The Nigerian government estimates that the enhanced shea value chain could generate approximately $300 million annually in the short term, with projections of a tenfold increase by 2027.
Nigeria produces nearly 40% of the global shea supply, approximately 350,000 metric tons annually across 30 states, yet captures only 1% of the $6.5 billion global market.
The ban aims to address this disparity by promoting local processing, which could create jobs, particularly for women, who make up over 90% of shea nut pickers and processors.
According to Kyari, the policy aligns with similar measures in West African countries like Ghana, Burkina Faso, Mali, and Togo, which have restricted raw shea nut exports to bolster their domestic industries.
A rapid assessment by the Presidential Food Systems Coordinating Unit (PFSCU) revealed that Nigeria loses over 90,000 metric tons of raw shea nuts annually to informal cross-border trade, with local processors operating at only 35–50% of their 160,000-metric-ton capacity.
This ban seeks to redirect these resources to domestic facilities, enhancing processor utilization and stabilizing the sector.
Vice-President Shettima emphasized the potential for job creation and women’s empowerment, noting, “This is about industrialization, rural transformation, gender empowerment, and expanding Nigeria’s global trade footprint.”
The policy is expected to support rural communities, where shea nut collection is a critical livelihood, particularly for women, and aligns with the Tinubu administration’s focus on economic development and gender equity.
The move mirrors actions taken by other West African nations.
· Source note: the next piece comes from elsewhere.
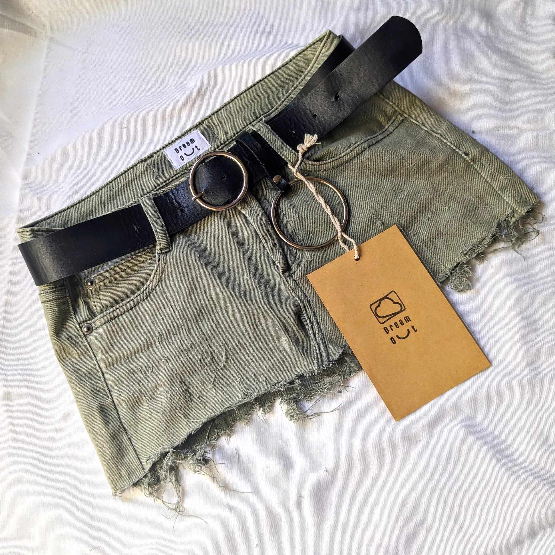 Keywords: vintage y2k 90s 2000s khaki green belt low rise low cut handmade local designer With tags

For instance, Ghana announced a phased ban on raw shea nut exports to be fully implemented by 2026, aiming to revitalize its processing industry, including the rehabilitation of the Buipe Shea Processing Factory.
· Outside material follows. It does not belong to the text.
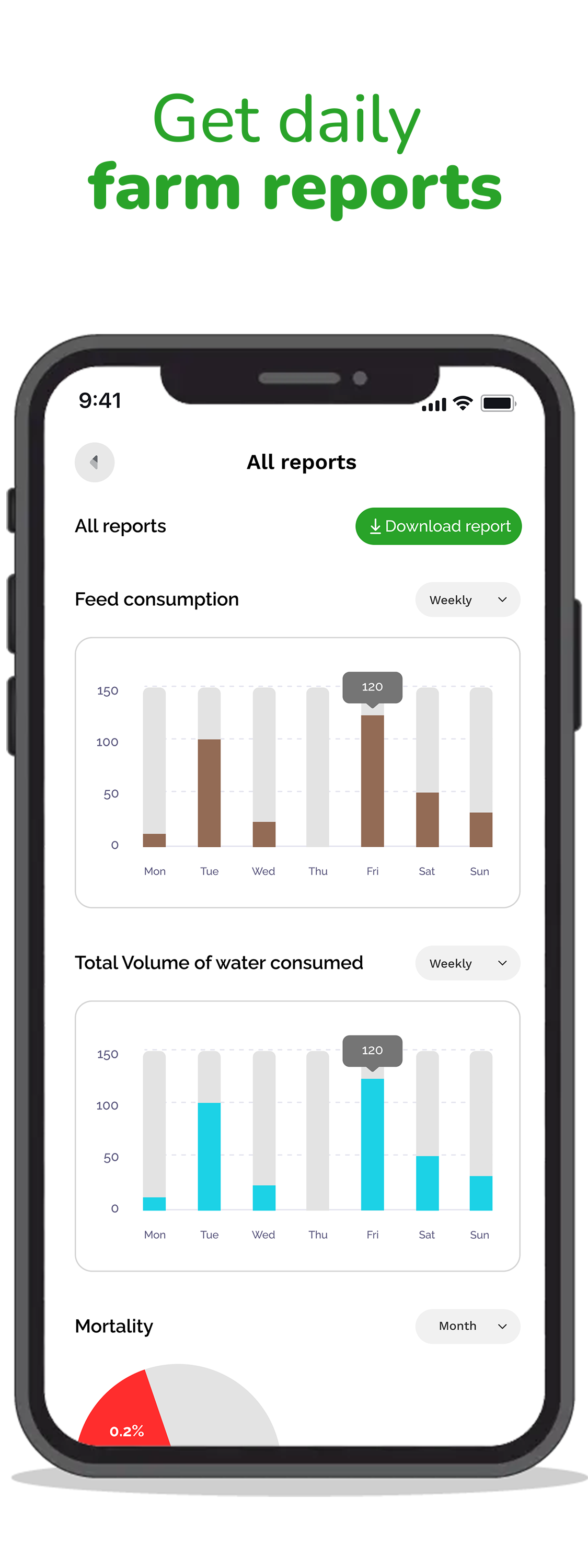 Monitor daily operations live — livestock counts, mortality, production, and income — all visualized in intuitive infographics updated in real time.

Similarly, Niger State banned unprocessed shea nut exports in 2023 to boost local revenue and support women entrepreneurs.
However, concerns have been raised in Ghana about the potential negative impacts of such bans on rural women, who rely on raw nut sales for their livelihoods, highlighting the need for balanced policies that support both processors and collectors.
In Nigeria, the government acknowledges challenges such as unregulated harvesting and limited processing infrastructure.
The PFSCU’s assessment underscored the urgency of addressing informal trade, which undermines official export channels and deprives the country of significant revenue.
To mitigate these issues, the government plans to invest in processing infrastructure and establish robust export frameworks for value-added shea products during the six-month ban period.